(Directions)
The lines to copy from the data below are those that hold the string "details".

(Provided material)
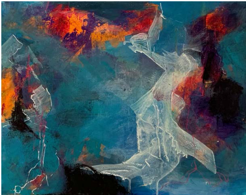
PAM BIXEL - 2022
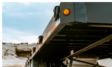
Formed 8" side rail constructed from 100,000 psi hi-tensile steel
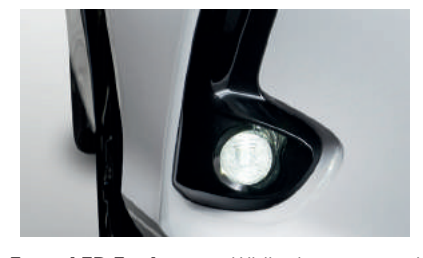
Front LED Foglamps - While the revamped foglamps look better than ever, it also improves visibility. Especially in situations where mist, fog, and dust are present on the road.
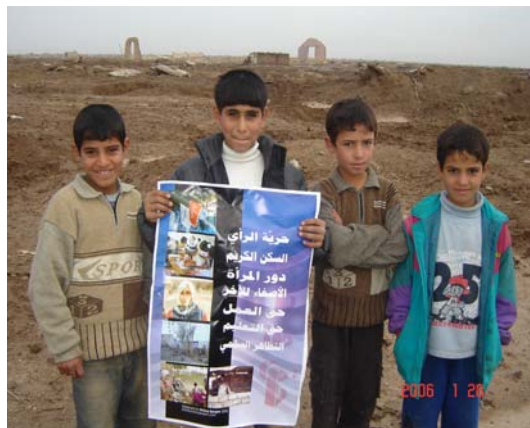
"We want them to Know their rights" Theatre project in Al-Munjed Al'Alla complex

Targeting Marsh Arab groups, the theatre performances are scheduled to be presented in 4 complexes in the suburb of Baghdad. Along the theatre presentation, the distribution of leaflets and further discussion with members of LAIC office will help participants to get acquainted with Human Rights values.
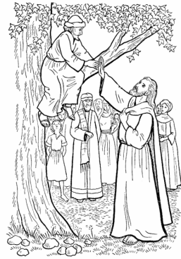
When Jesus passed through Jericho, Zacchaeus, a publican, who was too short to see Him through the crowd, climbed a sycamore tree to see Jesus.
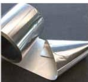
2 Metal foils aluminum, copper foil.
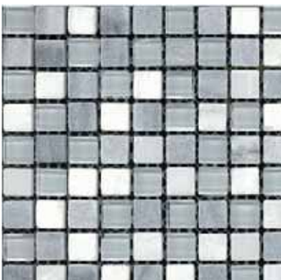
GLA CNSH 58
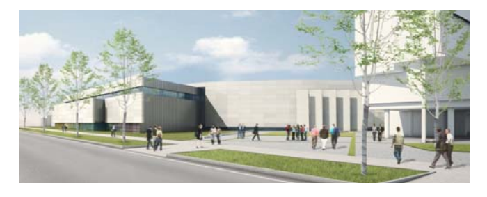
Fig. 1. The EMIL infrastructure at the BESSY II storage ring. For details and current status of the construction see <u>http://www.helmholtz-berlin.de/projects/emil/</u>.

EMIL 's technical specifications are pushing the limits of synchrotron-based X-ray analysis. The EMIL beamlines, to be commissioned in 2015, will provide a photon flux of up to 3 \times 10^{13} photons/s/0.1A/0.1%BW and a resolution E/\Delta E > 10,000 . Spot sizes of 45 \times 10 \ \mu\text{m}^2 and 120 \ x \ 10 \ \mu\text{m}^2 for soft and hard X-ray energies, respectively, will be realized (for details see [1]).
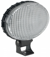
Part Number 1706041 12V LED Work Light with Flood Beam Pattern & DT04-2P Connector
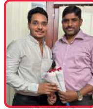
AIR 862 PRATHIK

(Answer below)
Fig. 1. The EMIL infrastructure at the BESSY II storage ring. For details and current status of the construction see <u>http://www.helmholtz-berlin.de/projects/emil/</u>.
EMIL 's technical specifications are pushing the limits of synchrotron-based X-ray analysis. The EMIL beamlines, to be commissioned in 2015, will provide a photon flux of up to 3 \times 10^{13} photons/s/0.1A/0.1%BW and a resolution E/\Delta E > 10,000 . Spot sizes of 45 \times 10 \ \mu\text{m}^2 and 120 \ x \ 10 \ \mu\text{m}^2 for soft and hard X-ray energies, respectively, will be realized (for details see [1]).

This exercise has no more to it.